The deployment is implemented in ansible. The repository is private. The full deployments workflow will be adapted upon transfer of the system to a new home.

It currently requires a (virtual) machine with the following specs

  • 8x CPU

  • 16 GB RAM

  • 32 GB HDD for the OS

  • 3 TB HDD for the data (the raster data is quite big. If only the measurement data API is needed, this can be much less. 1 year of data roughly equals 5 GB in the database, static data is around 1 GB)

  • Debian-based OS (currently Ubuntu 24.04 - noble)

ansible-playbook d2r.yml
  • you will be prompted for the become (sudo) password

  • you will be prompted for the vault password.

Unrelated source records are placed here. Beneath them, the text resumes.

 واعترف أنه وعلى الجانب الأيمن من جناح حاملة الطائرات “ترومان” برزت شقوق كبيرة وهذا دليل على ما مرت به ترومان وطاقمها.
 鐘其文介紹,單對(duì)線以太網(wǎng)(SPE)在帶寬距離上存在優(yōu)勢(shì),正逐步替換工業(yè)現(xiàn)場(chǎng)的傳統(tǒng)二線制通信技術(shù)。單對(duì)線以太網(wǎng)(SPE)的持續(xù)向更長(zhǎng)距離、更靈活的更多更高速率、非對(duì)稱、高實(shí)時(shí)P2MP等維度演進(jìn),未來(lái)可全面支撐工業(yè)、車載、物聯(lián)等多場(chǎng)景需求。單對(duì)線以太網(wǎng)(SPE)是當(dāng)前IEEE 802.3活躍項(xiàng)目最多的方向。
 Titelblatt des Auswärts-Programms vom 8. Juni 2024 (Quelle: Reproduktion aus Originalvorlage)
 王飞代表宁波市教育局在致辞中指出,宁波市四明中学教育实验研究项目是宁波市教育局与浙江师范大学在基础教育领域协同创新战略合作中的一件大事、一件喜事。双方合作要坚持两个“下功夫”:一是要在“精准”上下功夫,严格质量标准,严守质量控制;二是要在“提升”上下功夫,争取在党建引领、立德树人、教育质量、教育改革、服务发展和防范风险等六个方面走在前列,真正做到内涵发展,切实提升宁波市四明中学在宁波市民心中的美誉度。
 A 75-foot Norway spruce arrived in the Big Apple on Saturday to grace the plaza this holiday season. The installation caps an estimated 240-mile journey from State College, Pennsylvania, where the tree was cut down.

    • the vault contains all secrets needed for the deployment

      • .env.prod file

      • SSL-Certificates

Environment Variables

An example of all necessary environment variables can be found in .env.dev and may be adapted for production use.

Variable

Description

DATA_DIRECTORY

Absolute path to the data directory on the host machine. This will be used to store the model output rasters and temperature/relative humidity interpolation rasters. For example /data/rasters.

STATIC_DIRECTORY

Absolute path to the directory on the host machine where all static images for the /v1/stations/metadata/<station_id> route are stored. For example /data/static.

DB_PROVIDER

Provider string of the database used. Since this uses timescale, only postgres-like engines are supported. For example postgresql+psycopg (psycopg 3).

DB_HOST

Host name of the database (container) usually corresponds to the name of the database container. In this case db.

PGPORT

Port the database is listening on. For postgres this is usually 5432.

POSTGRES_USER

Database user to use to connect to the database. For example dbuser.

POSTGRES_PASSWORD

Password of above POSTGRES_USER.

POSTGRES_DB

Name of the database. If it does not exist, it is created using this name. For example d2r_db.

SENTRY_DSN

Sentry data source name (DSN) What the DSN Does. This is optional, if not set, no errors are reported.

SENTRY_SAMPLE_RATE

Sentry traces sample rate (what % of transactions should be send to sentry [0 - 1]) traces_sample_rate.

CELERY_BROKER_URL

URL to the celery broker/task queue that distributes tasks. This is usually redis://redis:6379/0 since the container name is redis.

QUEUE_SOFT_TIME_LIMIT

Time limit of a single task in seconds. If this is exceeded the task is killed. Usually 360.

ELEMENT_API_KEY

API-Key for the Element IoT platform operated by DOData. This will have to have read scope on the Stadt Dortmund/Klimasensoren folders.

TC_DRIVER_PROVIDER

Database provider for the terracotta instance. In this case also postgresql.

TC_DATABASE_NAME

Name of the database for terracotta. If it does not exist, it is created using this name. For example terracotta.

TC_DATABASE_HOST

Host name of the database (container) usually corresponds to the name of the database container. In this case terracotta-db. You may also use the same db-container as above.

TC_SENTRY_SAMPLE_RATE

Sentry traces sample rate (what % of transactions should be send to sentry [0 - 1]) for the terracotta service traces_sample_rate. The same SENTRY_DSN will be used for this.

TC_RESAMPLING_METHOD

The resampling method to be used when reading reprojected raster data.

TC_REPROJECTION_METHOD

The resampling method to be used when reading reprojected raster data to web mercator.

NGINX_CERT_DIR

Directory on the host machine, where the SSL certificates are stored

RASTER_LIFECYCLE_DAYS

The number of days (retention period) to keep model rasters on the machine and database. For example 30.